Stratified Node.js: IO performance

December 21, 2010 by Alexander Fritze

The number one topic we get asked about is performance. This is particularly true for our upcoming server-side StratifiedJS implementation. So here is the first of a couple of blogposts taking a closer look at the current state of affairs of StratifiedJS performance on the server-side.

In this first post we look at file IO performance, and in the next one we'll look at the HTTP stack. But let me start with some background first:

Server-side StratifiedJS

We've recently started work on a server-side StratifiedJS implementation based on NodeJS. You can track our progress at my node github fork. The code consists of a few C++ and JS patches into the canonical node sources, as well as a bunch of additional library files that get compiled into the node executable.

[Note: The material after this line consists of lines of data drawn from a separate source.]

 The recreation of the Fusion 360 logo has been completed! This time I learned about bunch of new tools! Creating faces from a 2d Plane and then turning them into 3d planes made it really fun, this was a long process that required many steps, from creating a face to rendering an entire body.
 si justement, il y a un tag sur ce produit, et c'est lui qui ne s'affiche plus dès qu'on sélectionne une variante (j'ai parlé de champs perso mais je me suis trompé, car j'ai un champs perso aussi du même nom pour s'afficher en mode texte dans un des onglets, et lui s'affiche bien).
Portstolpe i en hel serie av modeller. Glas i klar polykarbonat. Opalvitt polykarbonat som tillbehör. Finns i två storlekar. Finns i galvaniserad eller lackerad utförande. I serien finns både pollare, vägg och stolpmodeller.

While the implementation is still at a very early stage, we've 'stratified' the REPL and amended the module system to load both 'normal' JS files and StratifiedJS files (files with extension *.sjs). The patched executable runs normal JS code exactly like the standard one - with no performance degradation or changes in semantics. All the standard node modules (http, dns, fs, stream, ...) are included in the executable and function just like you'd expect.

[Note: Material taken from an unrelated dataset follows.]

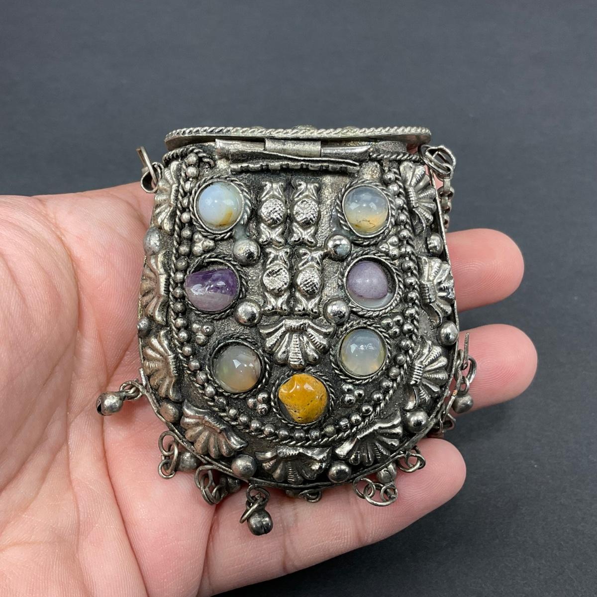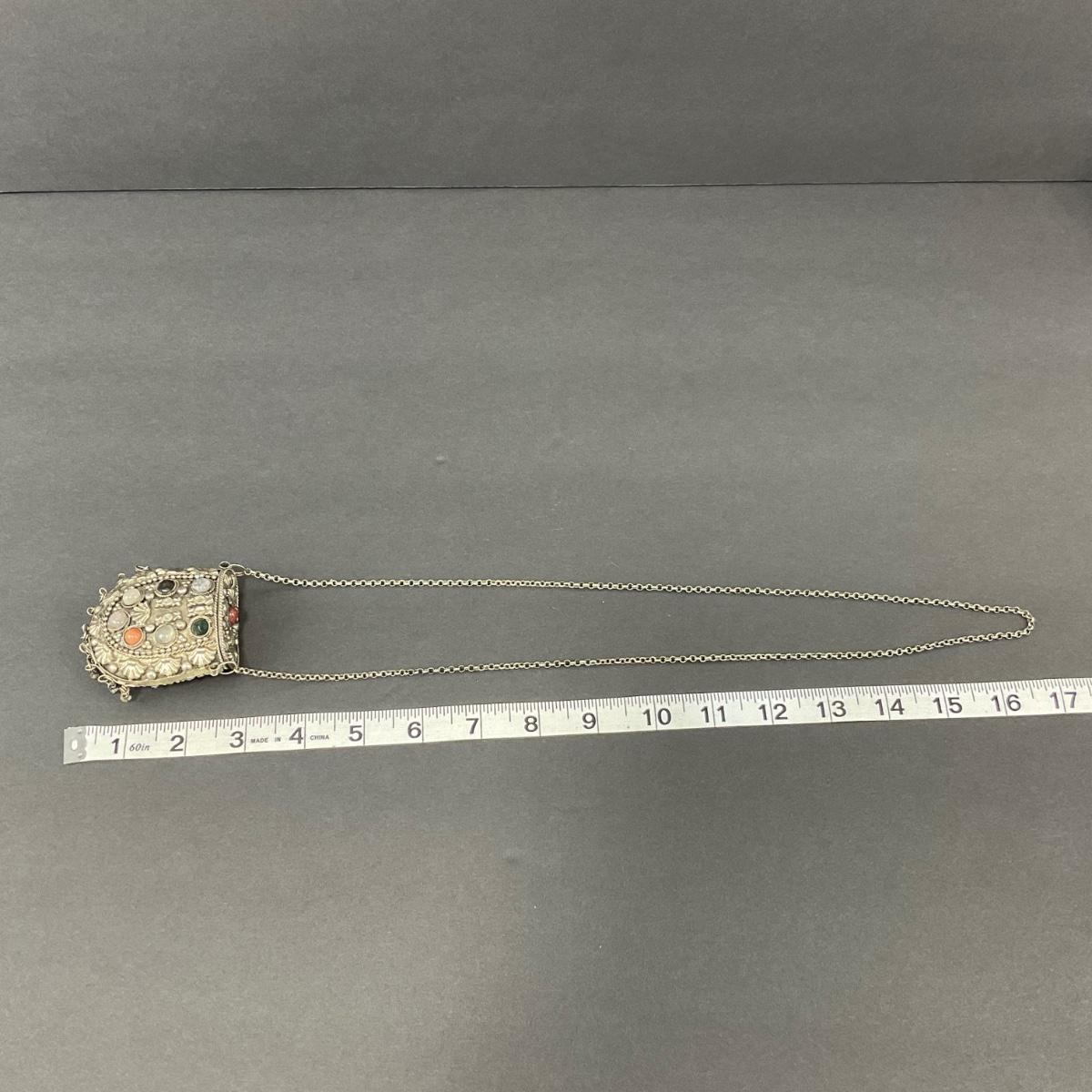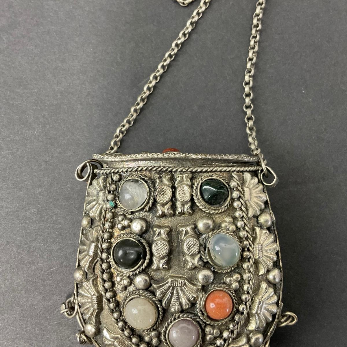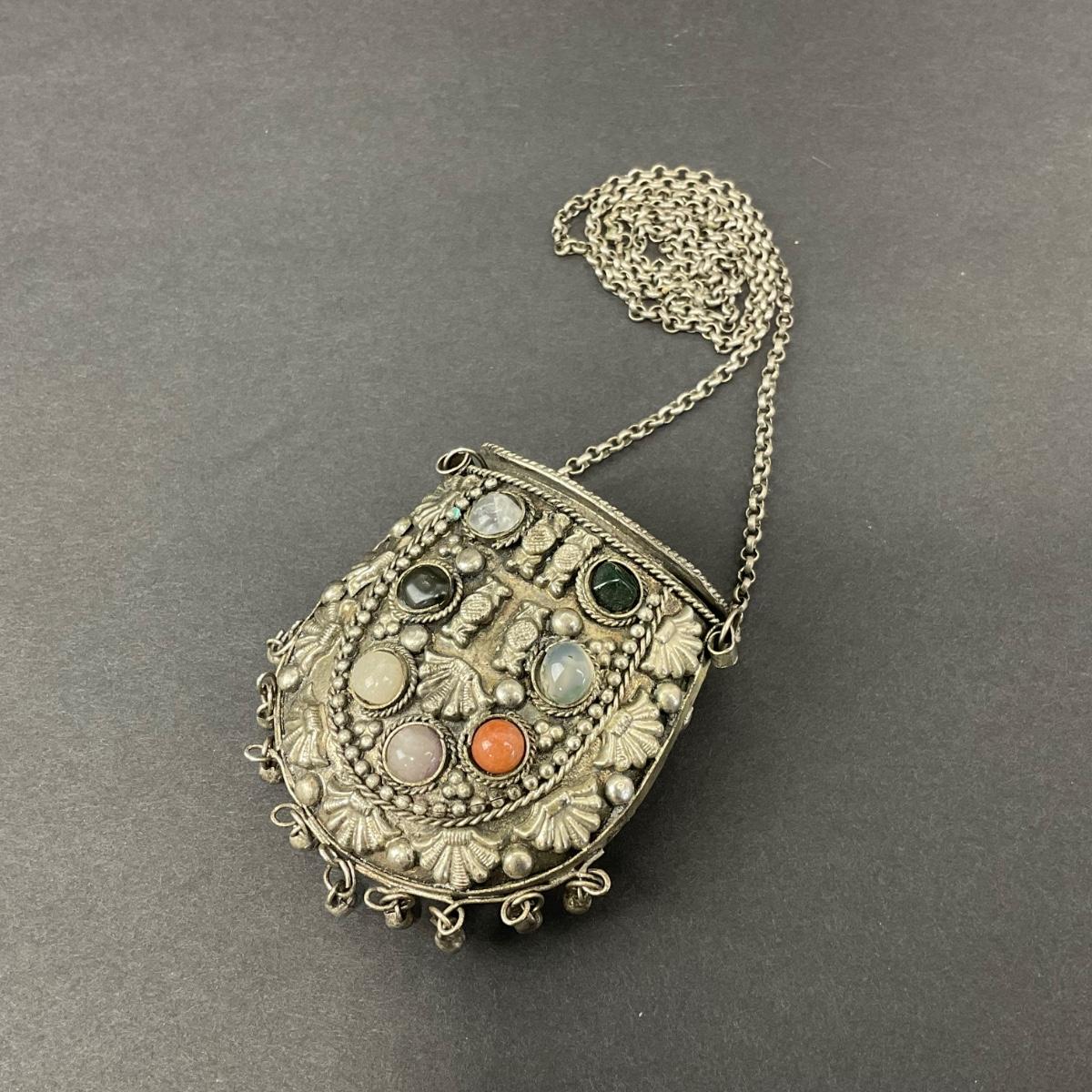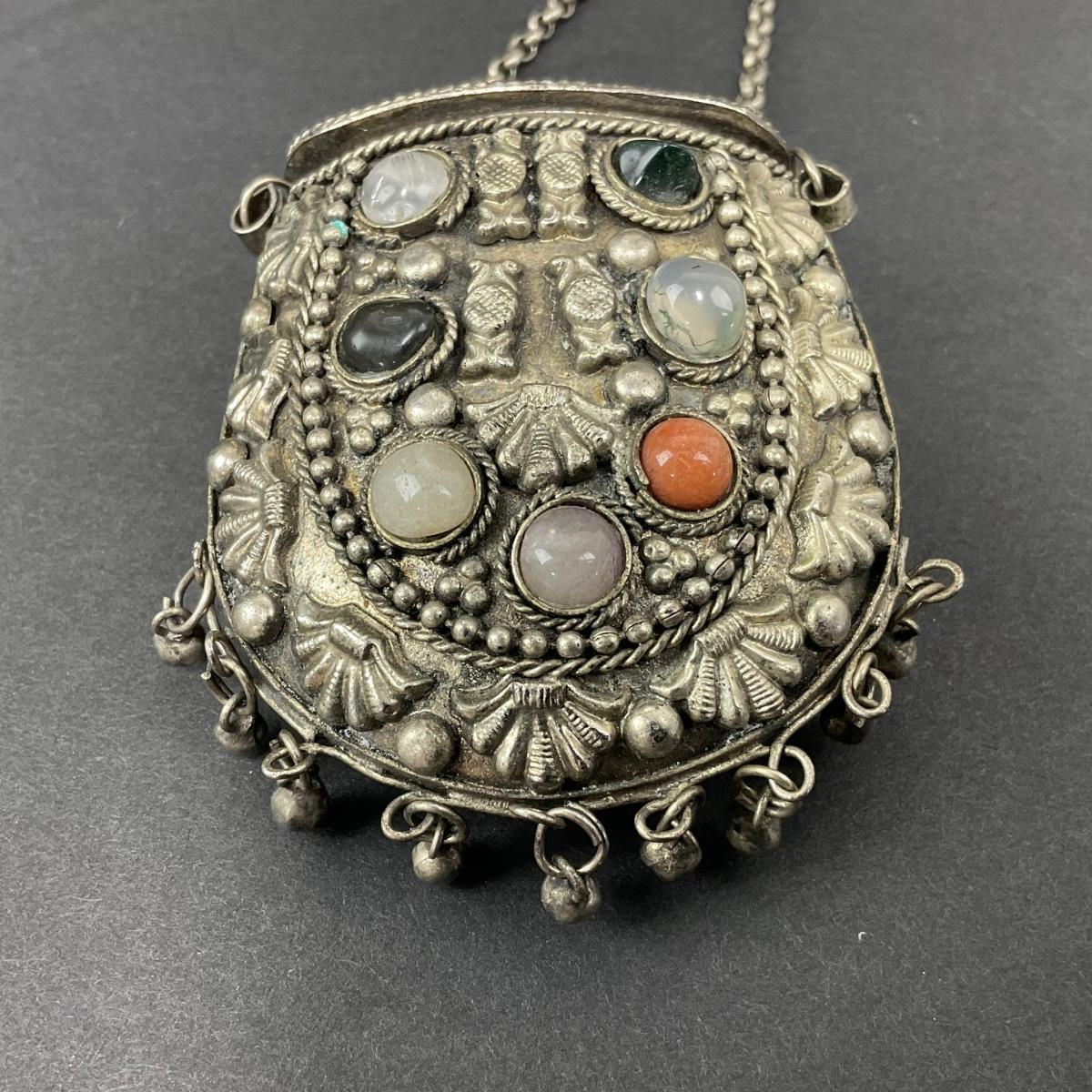 -8- TIBETAN | 1960’s Mini Sajai Tibetan Metal & Polished Stones Purse

While you can use the standard builtin modules from StratifiedJS just like you would use them from normal JS, the whole point of having StratifiedJS on the server-side is to program in a callback-less blocking style. So for some of these modules we've started making 'stratified' counterparts (see here for the current state of things). These stratified modules have the same name as the non-stratified ones, but are prefixed with a '$' (e.g. $dns instead of dns). With these abstractions you can then write code like this:

var dns = require('$dns');

var google = dns.lookup("google.com");
console.log("google.com is " + google.address);
console.log(google.address + " is " + dns.reverse(google.address));

File read performance

Without further ado, let's look at some performance figures. We're using the io.js benchmark and its stratified counterpart, io.sjs.

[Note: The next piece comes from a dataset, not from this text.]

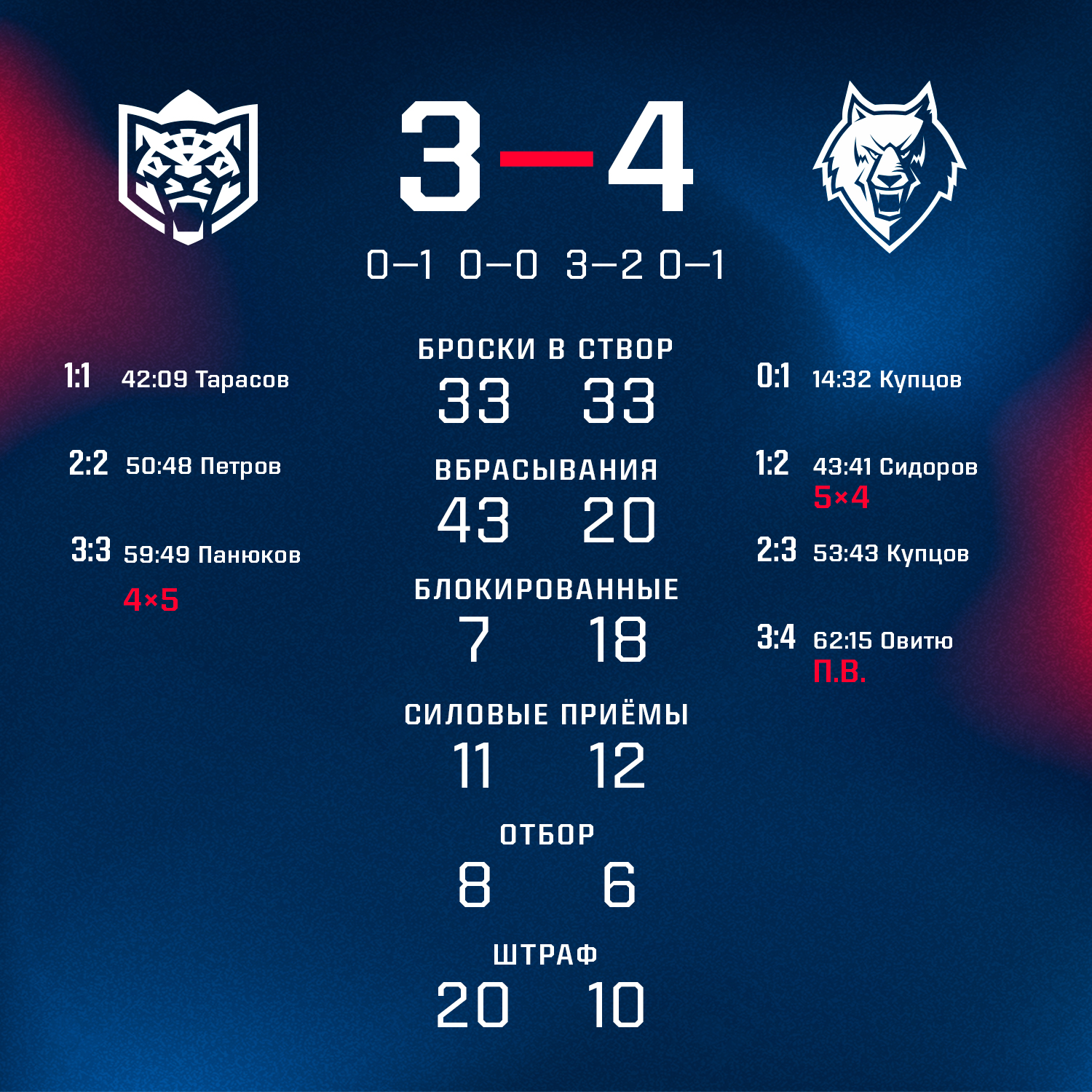 По ходу поединка «волки» трижды выходили вперед благодаря шайбам Михаила Сидорова и дублю Сергея Купцова, но хозяева каждый раз на наш гол отвечали своим.Очень драматичная игра перешла в овертайм, где «барсы» решили рискнуть и при игре 3 на 3 заменили вратаря на четвертого полевого, чем мы и воспользовались. Йоанн Овитю поразил пустые ворота и принес «волкам» вторую победу на турнире.

Firstly, we're examining the case of reading fixed-size records from a file. The stratified version of the code looks something like this:

var fs = require('$fs');

function readtest(record_size) {
  var s = fs.openInStream(path, 'r', 0644);
  var buf = new Buffer(record_size);
  var start = Date.now();
  while (s.readBuf(buf) > 0)
    /* use record here */;
  var time_taken = Date.now() - start;
}

We'll benchmark this against the following normal callback-style nodejs code:

var fs = require('fs');

function readtest(record_size, done) {
  var s = fs.createReadStream(path, {'flags': 'r', 'encoding': 'binary', 
                                     'mode': 0644, 'bufferSize': bsize});
  var start = Date.now();
  s.addListener("data", function (record) {
    /* use record here */
  });
  s.addListener('close', function() {
    var time_taken = Date.now() - start;
    done();
  });
}

When running this code on a 1GB file vs various record sizes, we get the following:

Hmm, interesting - so for small record sizes the StratifiedJS version is up to 3 times faster than the normal JS version!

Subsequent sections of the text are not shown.